> _Try it_
Leaving pictures out, repeat word for word the line that has "A Victorian farmhouse" and each line that follows it to the end of the listing.

> _Data block_
------
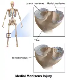 The medial meniscus is a fibrocartilage semicircular band that spans the knee joint medially, located between the medial condyle of the femur and the medial condyle of the tibia.[1] It is also referred to as the internal semilunar fibrocartilage. The medial meniscus has more of a crescent shape while the lateral meniscus is more circular. The anterior aspects of both menisci are connected by the transverse ligament. It is a common site of injury, especially if the knee is twisted.
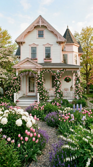 A Victorian farmhouse bursting with spring blooms — the most romantic exterior imaginable.
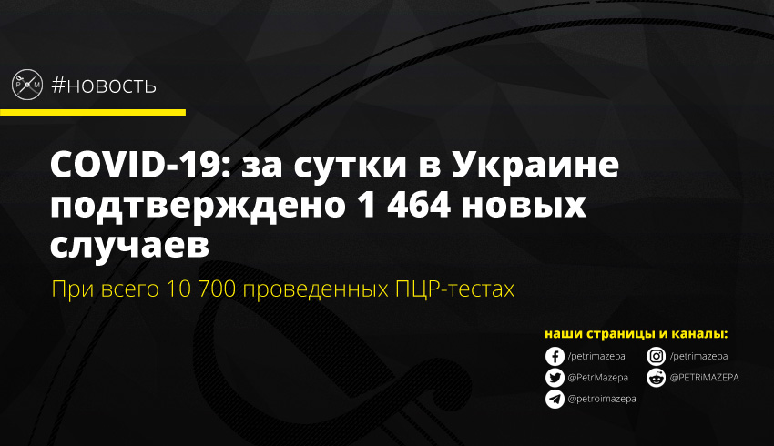 COVID-19: за сутки в Украине подтверждено 1 464 новых случаев
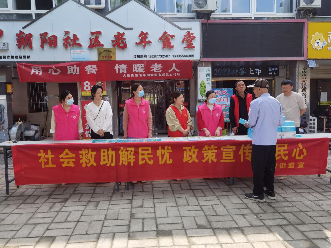 為進(jìn)一步做好社會(huì)救助政策宣傳工作,提高社會(huì)事務(wù)政策的普及度、知曉度和滿意度,增強(qiáng)群眾對(duì)社會(huì)救助政策的了解,5月25日上午,大橋街道殘聯(lián)、社會(huì)事務(wù)辦在朝陽(yáng)社區(qū)舉辦“社會(huì)救助解民憂政策宣傳”及“大橋街道老年助餐暖民心行動(dòng)”活動(dòng)。
------
> _Solution for this problem_
 A Victorian farmhouse bursting with spring blooms — the most romantic exterior imaginable.
 COVID-19: за сутки в Украине подтверждено 1 464 новых случаев
 為進(jìn)一步做好社會(huì)救助政策宣傳工作,提高社會(huì)事務(wù)政策的普及度、知曉度和滿意度,增強(qiáng)群眾對(duì)社會(huì)救助政策的了解,5月25日上午,大橋街道殘聯(lián)、社會(huì)事務(wù)辦在朝陽(yáng)社區(qū)舉辦“社會(huì)救助解民憂政策宣傳”及“大橋街道老年助餐暖民心行動(dòng)”活動(dòng)。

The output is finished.